2) Leadership got stickier, and that’s usually constructive in a repair regime. INTU (Intuit) and NOW (ServiceNow) following through while APP (AppLovin) digests and XYZ (Block) holds is a healthier pattern than pure one-day rotation. The misread would be “less churn means risk is gone.” No—less churn here means sponsorship is getting more deliberate.

3) The return of a NEW-high leader (CF Industries) is a meaningful frame upgrade. With CF at a new yearly high and LYB still acting like trend ballast, the board has more “proof-of-work” to absorb volatility coming from the repair names. That doesn’t eliminate risk; it changes the failure mode. A spring with bolts can still snap—but it usually snaps *later* and with more obvious warnings.

9. Key Takeaways (2–3)
INTU (Intuit) taking #1 on a second up day is the strongest evidence that Thursday’s volatility was digestion inside sponsorship, not the start of a giveback.
TTD (The Trade Desk) stabilized after the high-volatility down day; that keeps the “shakeout, then base” path open—as long as it doesn’t quickly lose the 20-day area.
CF (CF Industries) printing a NEW high reintroduces the kind of above-the-200-day anchor the board had been missing, making the overall spring feel better framed.

10. Closing Perspective
In plain language: Friday was the market saying, “I’m still willing to take risk—but I want it attached to something that can hold.”

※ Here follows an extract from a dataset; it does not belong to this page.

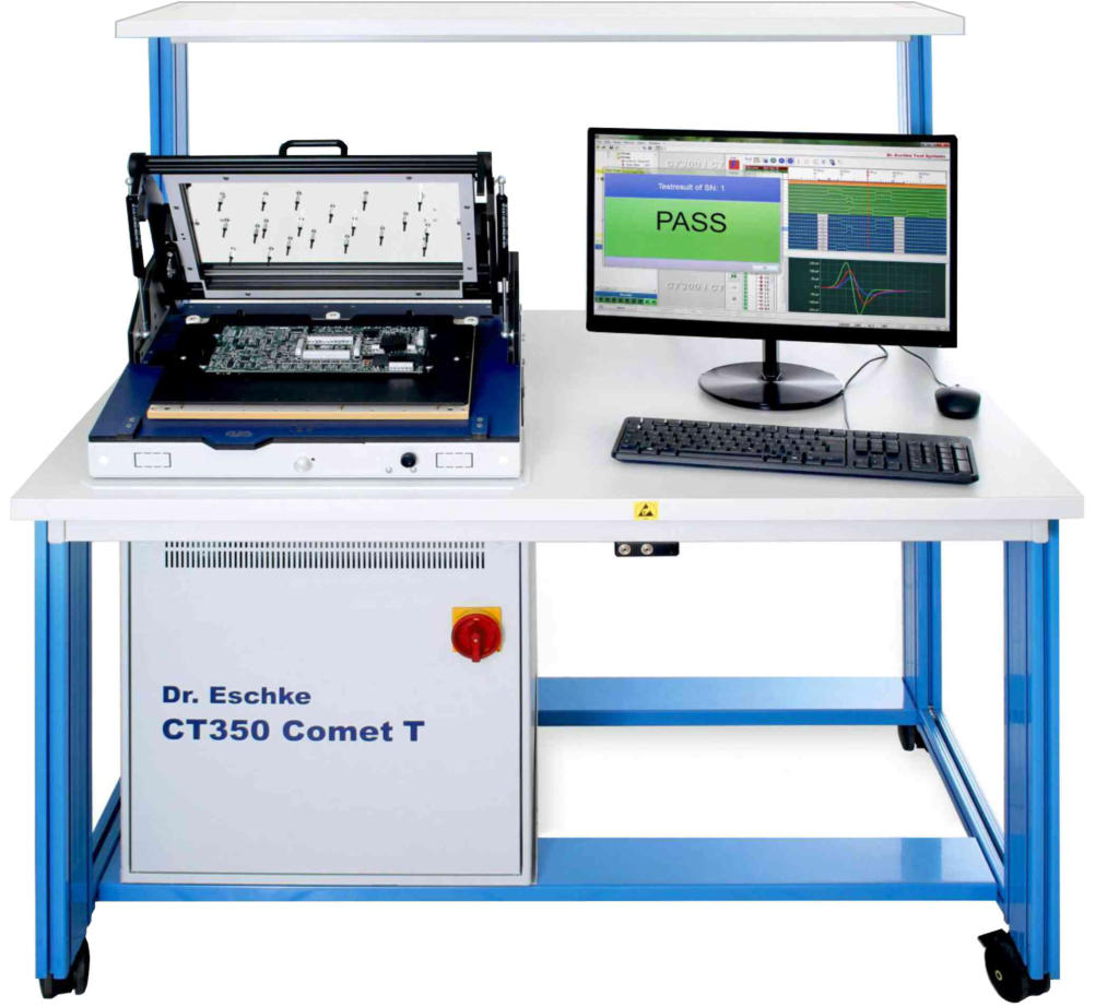 Die Tischversion der CT-350-Serie von Dr. Eschke lässt sich skalierbar als MDA-System, In-Circuit-Test (ICT)-, FKT- oder leistungsfähiger Kombinationstester konfigurieren und ist präzise auf jede Kundenanforderung abstimmbar. Als modulares und kompaktes ICT-System eignet sich das Gerät ideal sowohl für die Fertigung als auch für Entwicklung und Service. Die High-Pin-Count-Pylon-Schnittstelle begünstigt den schnellen Adapterwechsel und sorgt für eine zuverlässige Kontaktierung.

In the broader arc, that keeps the spring narrative intact and actually improves its construction: repair leaders (INTU, NOW, APP, PLTR) stayed engaged while ballast expanded (LYB plus a new-high CF). That is not a melt-up signal; it’s a “tight and supported” signal.

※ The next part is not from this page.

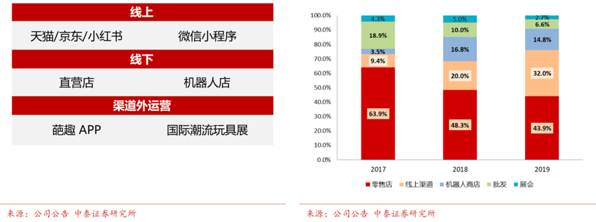 經(jīng)典案例:根據(jù)公司公告、中泰證券研究所等綜合資訊表明,截至到 2019 年末,泡泡瑪特的零售店、線上和機(jī)器人商店的渠道銷售占比分別為 43.9%/32%/14.8%,同比收入增速分別為 198%/424%/188%,均保持了高速增長(zhǎng),其中線上收入的增速最快,其全渠道銷售、全場(chǎng)景互動(dòng)的“消費(fèi)者心智格局”基本形成。

This stays constructive as long as INTU (Intuit) and NOW (ServiceNow) keep defending their short-term rails while leaning into the 50-day battles, and as long as APP (AppLovin) digests without losing the upper-400s/490s zone—unless TTD (The Trade Desk) rolls back under its 20-day quickly *and* the board loses the new-high/ballast element (CF/LYB), because that’s when the spring stops being coiled and starts being unfastened.